All single faults inside the word voter [7] are masked except for the outputs called ERROR,  $Z_1, Z_2, ..., Z_n$ . The self-checking circuit for ERROR signal is shown below (Figure 1). All other outputs  $Z_1, Z_2, ..., Z_n$  are also derived similarly. The principle is based on Dual Rail logic. The output combinations that are legal are (0, 1) and (1, 0) whereas (0, 0) and (1, 1) are illegal.

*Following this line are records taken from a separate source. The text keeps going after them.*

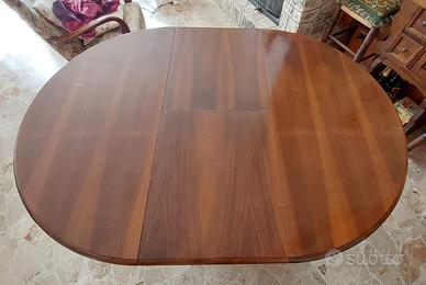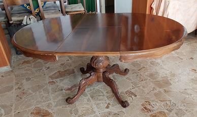 Tavolo rotondo allungabile per 4-6 persone, realizzato in legno massello, stile classico (modernariato vintage retrò).
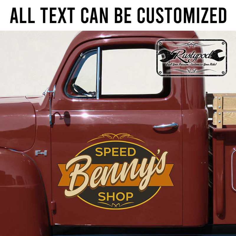 personalized speed shop sign hot rod door art shop truck lettering kustom kulture sticker 13665
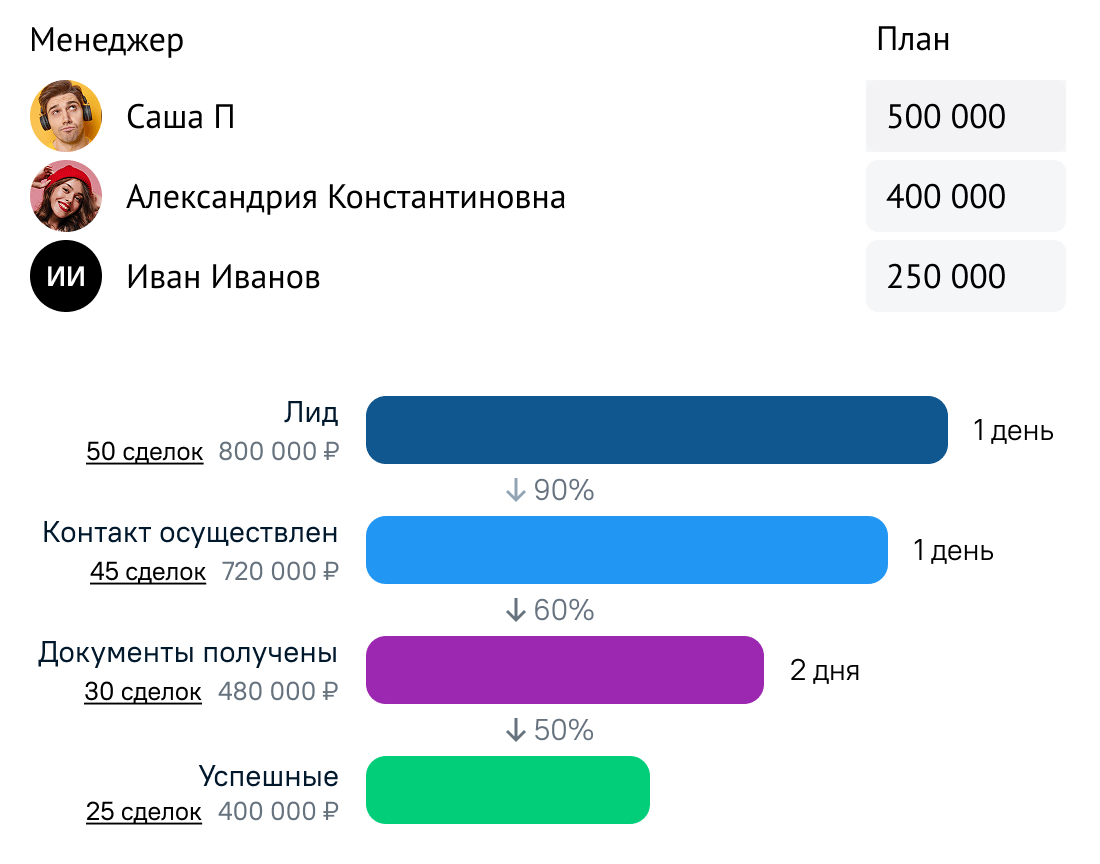 Следите за эффективностью воронки продаж и выполнением плана по отделам и каждому из

Fig. 1. Self-checking circuit for ERROR signal

 The reliability of this VL is calculated below. In general, it is advised that the reliability become part of the design profile.

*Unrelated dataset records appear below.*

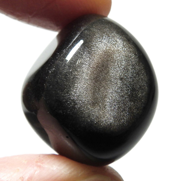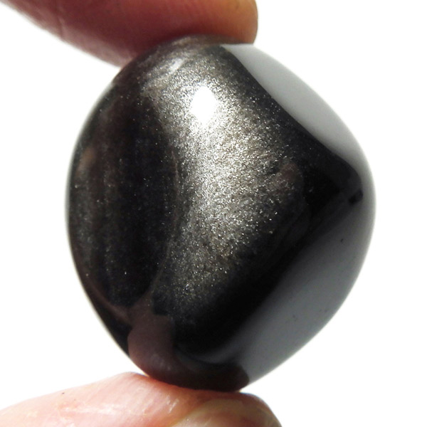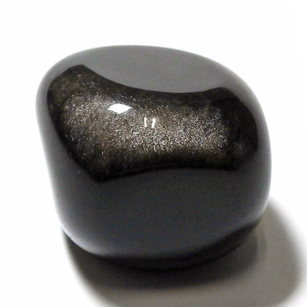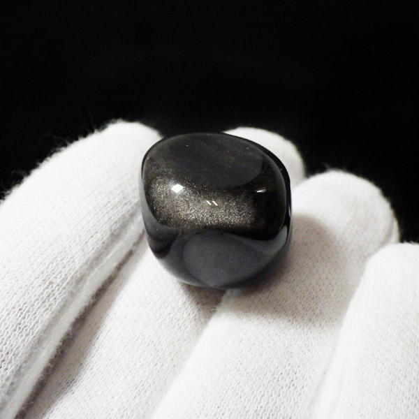 メキシコ産のシルバーオブシディアン、タンブルです。オブシディアンは和名で黒曜石。シルバーオブシディアンは黒曜石の中でもシルバーのシラー光沢を確認できる天然の火山ガラスです。マグマが急速に冷却される過程でナノ粒子が閉じ込められ、その微細な内包物が光を干渉させることで、独特のシルバーの輝きが生まれます。見る角度によってふわりと現れるメタリックな光沢はとてもシックで、クールな存在感を放ちます。
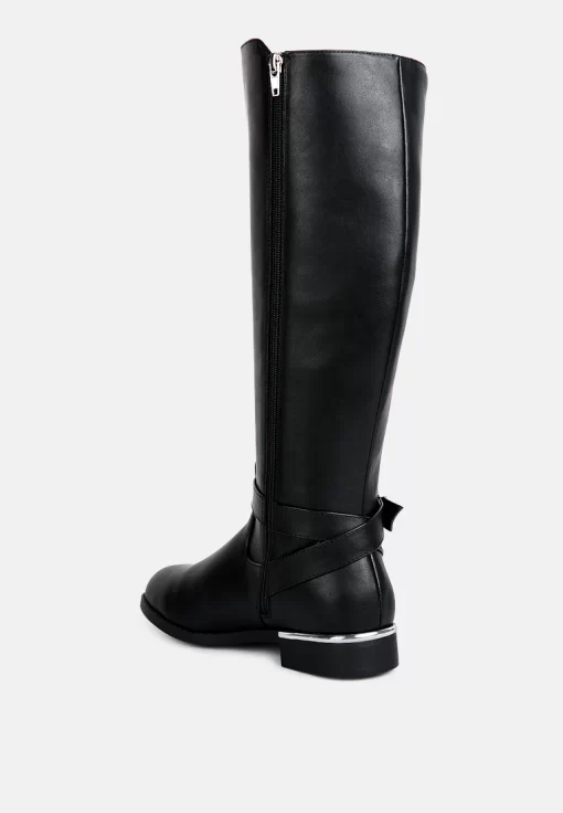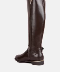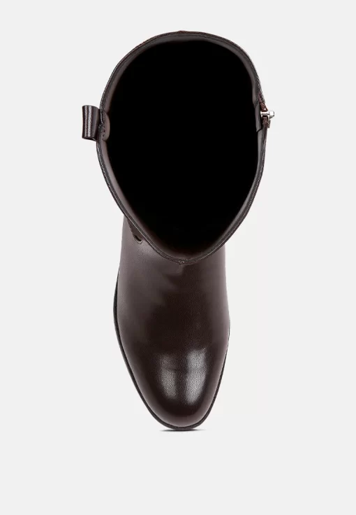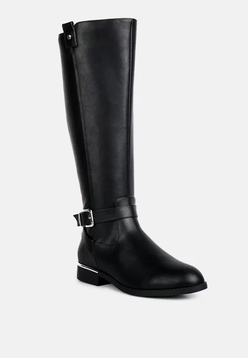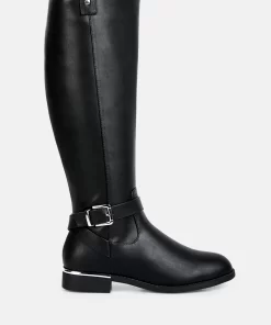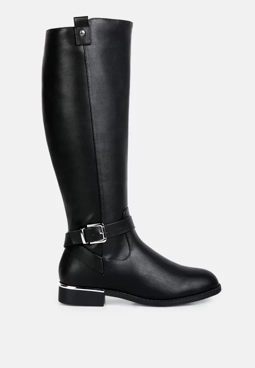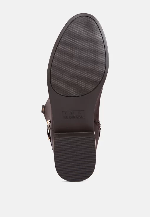 The buckle-embellished boots are edgy and chic with an accentuating gold sling detail on the heel, accentuating the heeled boots’ aesthetics. The boots are sure to make a bold statement and are comfortable to wear with soft padded insoles.
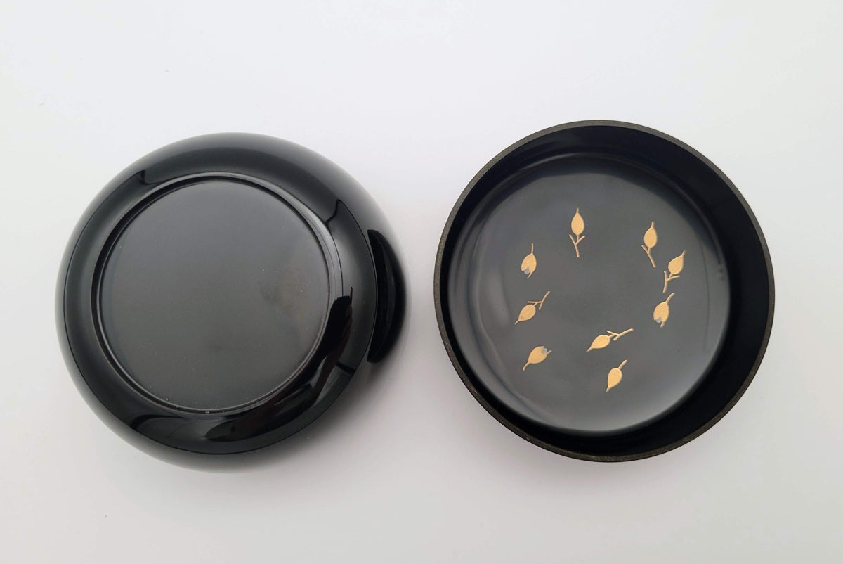 The natsume demonstrates the highest level of craftsmanship: the lacquer is even and glossy, the maki-e is fine and precise, and the finish is meticulously crafted. The piece comes with its original wooden tomobako (storage and presentation box) and accompanying tray.

If R(t) is the reliability of an individual module (the probability that the module is still operational at time t), for TMR systems the system reliability is given by

$$R_{TMR}(t) = 3R^2(t) - 2R^3(t)$$
(5)

If the failure rate of the voter is taken into account then the above equation is modified as

$$R_{TMR}(t) = R_{voter} \{ 3R^2(t) - 2R^3(t) \}$$
(6)

To implement an *n* bit Exact Word Voter the number of gates required are 3n 2-input XNOR gates, 3 n-input AND gates (equivalent to 3n 2-input AND gates), 2n 2input AND gates, *n* 2-input OR gates to generate n bit output plus one 3-input NOR gate to produce an error signal [7]. The number of interconnects in the design is 6n (3n interconnects above the three matching circuits and 3n interconnects above the circuit that generates the output [Figure 2.2 of [7]]). The reliability of this voter with 9n+2 2-input gates (AND/OR/XNOR/NOR) and 6n interconnects is  $R_{g_aavg}^{9n+2}R_n^{6n}$  where  $R_{g_avg}$  is the average reliability of a 2-input gate and  $R_n$  is the reliability of an interconnect. Hence the reliability of TMR system with an *n* bit Exact Word Voter is

$$R_{TMR}(t) = R_{g\_avg}^{9n+2} R_n^{6n} \{ 3R^2(t) - 2R^3(t) \}$$
(7)

## B. Centralized Diagnosable Word Voter

The Centralized Diagnosable word voter (Figure 2) is an extension to the previous voter. This voter is capable of module level error detection, i.e. detecting the particular module in error in case a single module of TMR system fails. It is also capable of detecting error in match logic.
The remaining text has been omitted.